DATA ▸
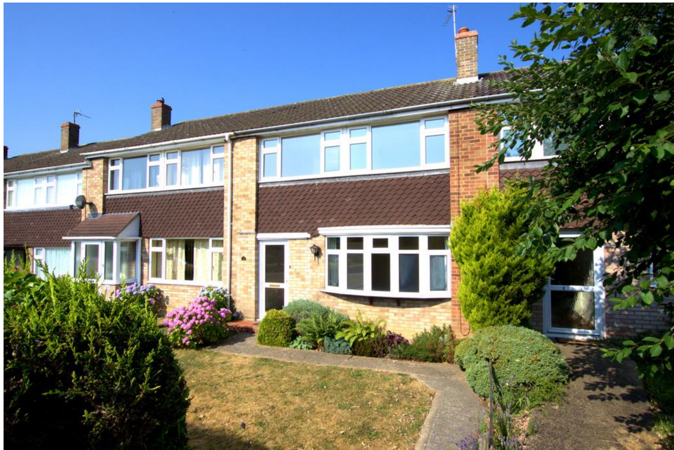
Harbour Avenue, Comberton
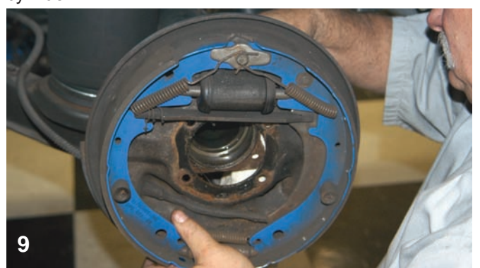
After the connection to the wheel cylinder was disconnected, the backing plate was removed from the axle.
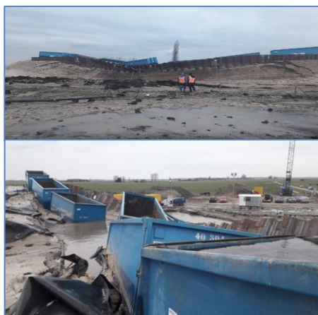
Test view, after failure of the sheet pile wall

A reinforced dike with a sheet pile wall is tested at Eemdijk in The Netherlands. This full scale test studies how dikes behave in extreme conditions such as high water levels in, under and along the dike. Sheet pile walls in dikes are the most common option for not removing nearby houses in a densely populated country like The Netherlands. However, sheet pile walls are relatively expensive compared with berm solutions. The sheet pile wall test will allow us to optimise the type and thickness of the sheet piles, resulting in major savings in the dike reinforcement projects.
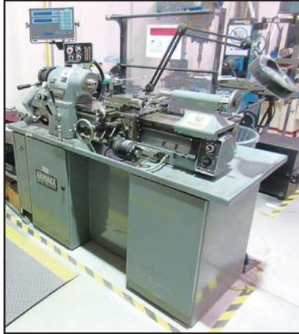
HARDINGE PRECISION LATHE

ALSO: HARDNESS TESTERS, DIGITAL HEIGHT GAUGES, MICROMETERS, VERNIERS, THREAD AND DEPTH GAUGES, GRANITE SURFACE PLATES, KURT VISES, SINE PLATES, MAGNETIC CHUCKS, DBL END GRINDERS, CARBIDE GRINDERS, DISC/BELT SANDERS, MAG BASE DRILLS, PERISHABLE TOOLING INCLUDING DRILLS, REAMERS, CUTTERS, CARBIDE INSERTS, TAPS, V FLANGE TOOLS HOLDERS, BORING BARS, HAND AND POWER TOOLS, ETC.
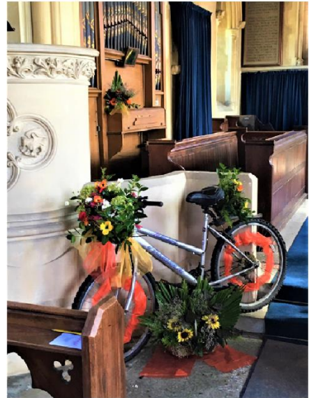
Limpenhoe Church decorated for the Historic Churches Bike Ride Day - Saturday 14th September.
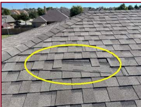
SHINGLE TAB SLIDING OUT OF PLACE
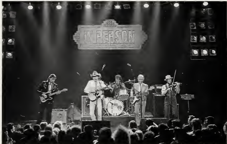
HILLBILLY DELUXE - Dwight Yoakam showed up to jam on In Person From The Palace , the CBS Network's Late Night series. His segment aired August 21.
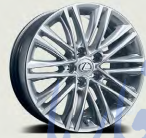
17-in split-10-spoke alloy wheels 10 with High Gloss finish OPTIONAL ES
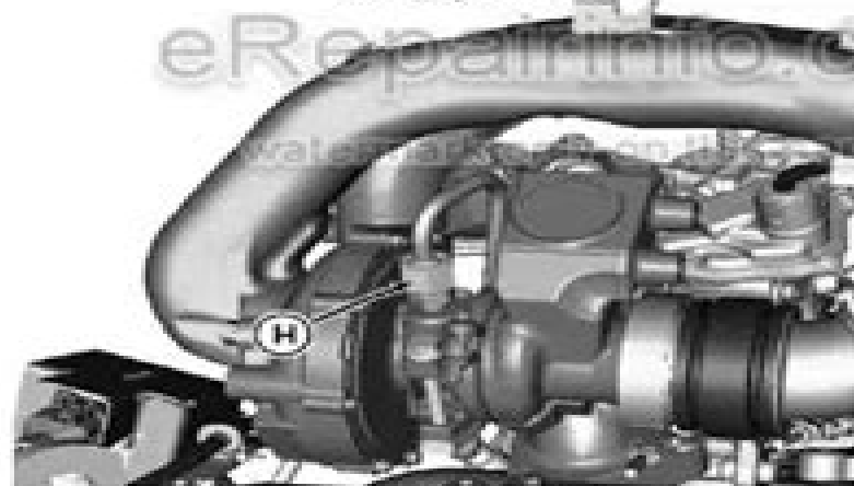
Oil Supply Line Nut

PROBLEM REQUIREMENTS ▸ In the records above, find the line containing "After the connection", then write out exactly that line and every later one through the last, omitting pictures.

RESPONSE AREA ▸
After the connection to the wheel cylinder was disconnected, the backing plate was removed from the axle.
Test view, after failure of the sheet pile wall

A reinforced dike with a sheet pile wall is tested at Eemdijk in The Netherlands. This full scale test studies how dikes behave in extreme conditions such as high water levels in, under and along the dike. Sheet pile walls in dikes are the most common option for not removing nearby houses in a densely populated country like The Netherlands. However, sheet pile walls are relatively expensive compared with berm solutions. The sheet pile wall test will allow us to optimise the type and thickness of the sheet piles, resulting in major savings in the dike reinforcement projects.
HARDINGE PRECISION LATHE

ALSO: HARDNESS TESTERS, DIGITAL HEIGHT GAUGES, MICROMETERS, VERNIERS, THREAD AND DEPTH GAUGES, GRANITE SURFACE PLATES, KURT VISES, SINE PLATES, MAGNETIC CHUCKS, DBL END GRINDERS, CARBIDE GRINDERS, DISC/BELT SANDERS, MAG BASE DRILLS, PERISHABLE TOOLING INCLUDING DRILLS, REAMERS, CUTTERS, CARBIDE INSERTS, TAPS, V FLANGE TOOLS HOLDERS, BORING BARS, HAND AND POWER TOOLS, ETC.
Limpenhoe Church decorated for the Historic Churches Bike Ride Day - Saturday 14th September.
SHINGLE TAB SLIDING OUT OF PLACE
HILLBILLY DELUXE - Dwight Yoakam showed up to jam on In Person From The Palace , the CBS Network's Late Night series. His segment aired August 21.
17-in split-10-spoke alloy wheels 10 with High Gloss finish OPTIONAL ES
Oil Supply Line Nut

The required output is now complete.